Write concise, descriptive prompts including style, lighting, and composition details
Start with 1K/2K previews before committing to 4K to save time and cost
Choose gemini-3-pro-image-preview for maximum quality and 4K, imagen-4.0 for photorealism, and gemini-2.5-flash for speed
Use --num to generate variations and test prompts iteratively
Respect person generation policies and regional restrictions when enabling person controls

Example use cases

Generate a 1:1 2K image for an Instagram post: quick social media assets
Create a 16:9 2K YouTube thumbnail with vibrant composition and readable text
Produce four variations of a concept for design review and A/B testing
Render a 4K architectural visualization for print or high-end presentations
Combine with text generation to produce product descriptions and matching product images

FAQ

Which model should I pick for the highest quality?

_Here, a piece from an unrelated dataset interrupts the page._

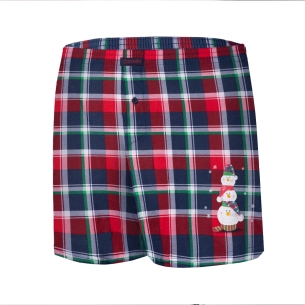 Luźne bokserki świąteczne z zabawnym nadrukiem na udzie. Tło bokserki stanowi świąteczna granatowa krata. Nadruk na nogawce to zabawne bałwanki. Bokserki te to ciekawa propozycja wyjątkowej bielizny męskiej dla osób z wyczuciem stylu i jednocześnie dla tych, którzy z dystansem podchodzą sami do siebie. Komfortowe bokserki zawdzięczają swoje właściwości elastycznemu materiałowi, a także precyzyjnemu wykonaniu. Płaskie szwy są delikatne dla skóry i zapewniają maksymalny komfort. Bokserki są zapakowane w estetyczne pudełeczko.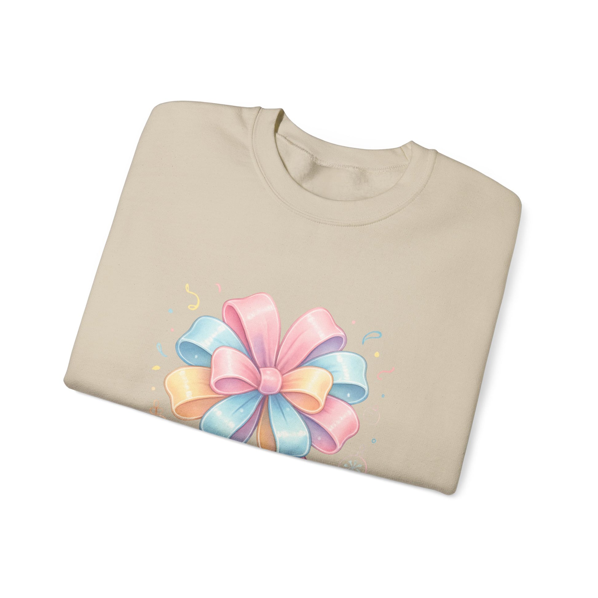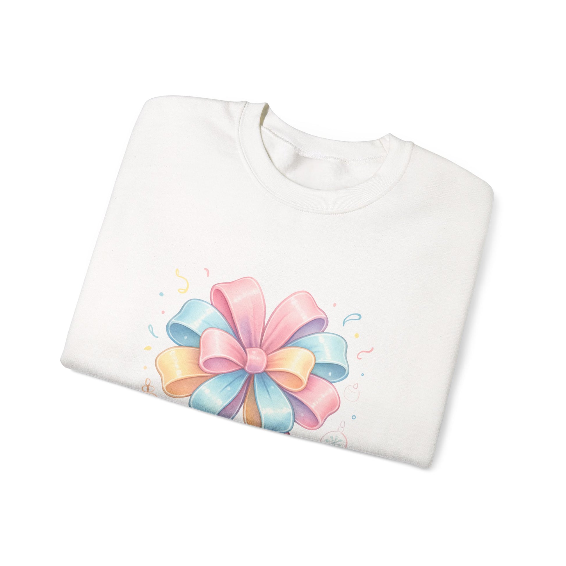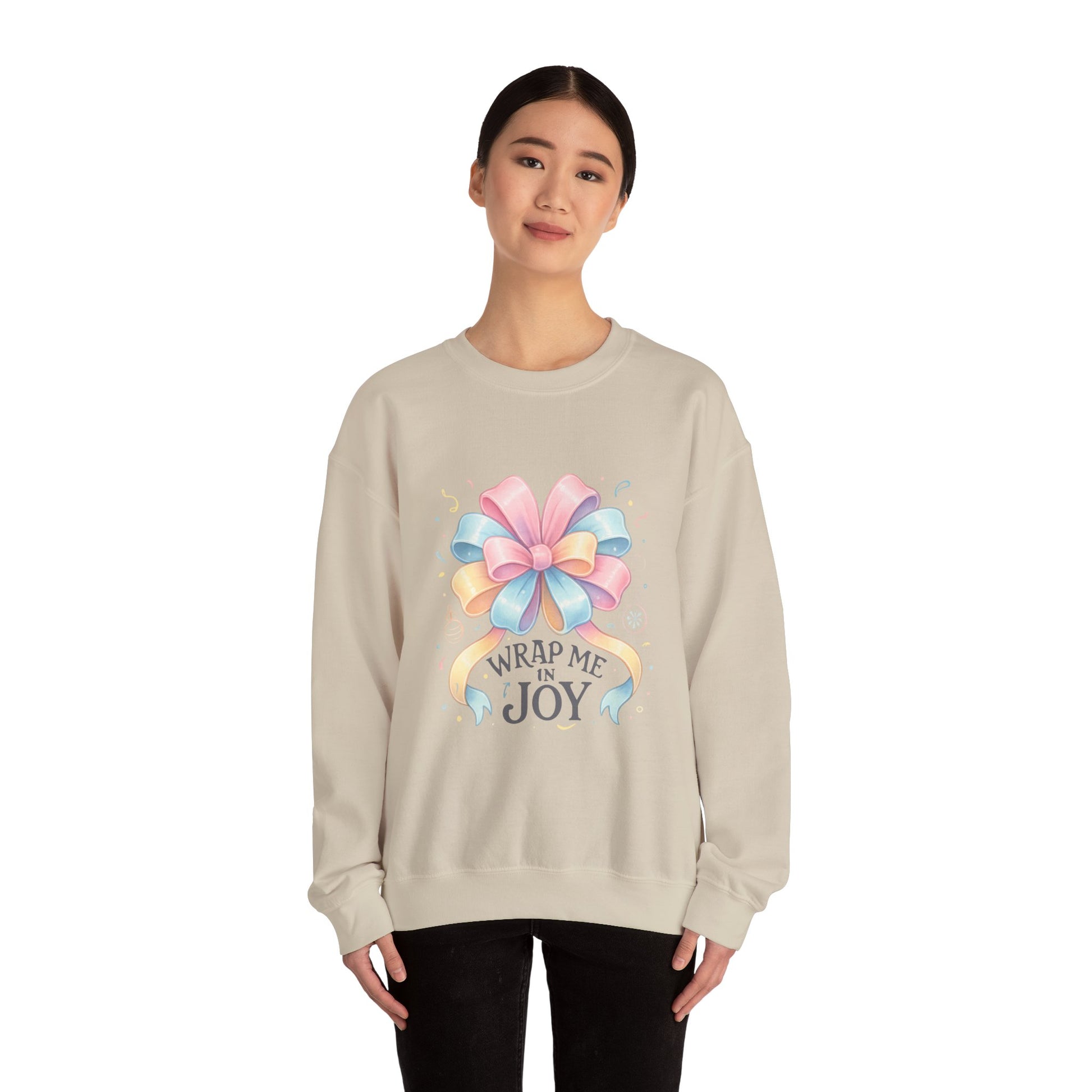 Crewneck Sweatshirt — "Wrap Me in Joy" Pastel Gift Bow Holiday Pullover

Use gemini-3-pro-image-preview for the highest quality and 4K outputs; imagen-4.0 is best for photorealistic product shots.

How many images can I generate per request?

The script supports generating 1–4 images per request using the --num flag.

Why did generation fail with 'unsupported size'?

Some models restrict aspect ratios and max sizes; switch to a supported size or use gemini-3-pro-image-preview for 4K.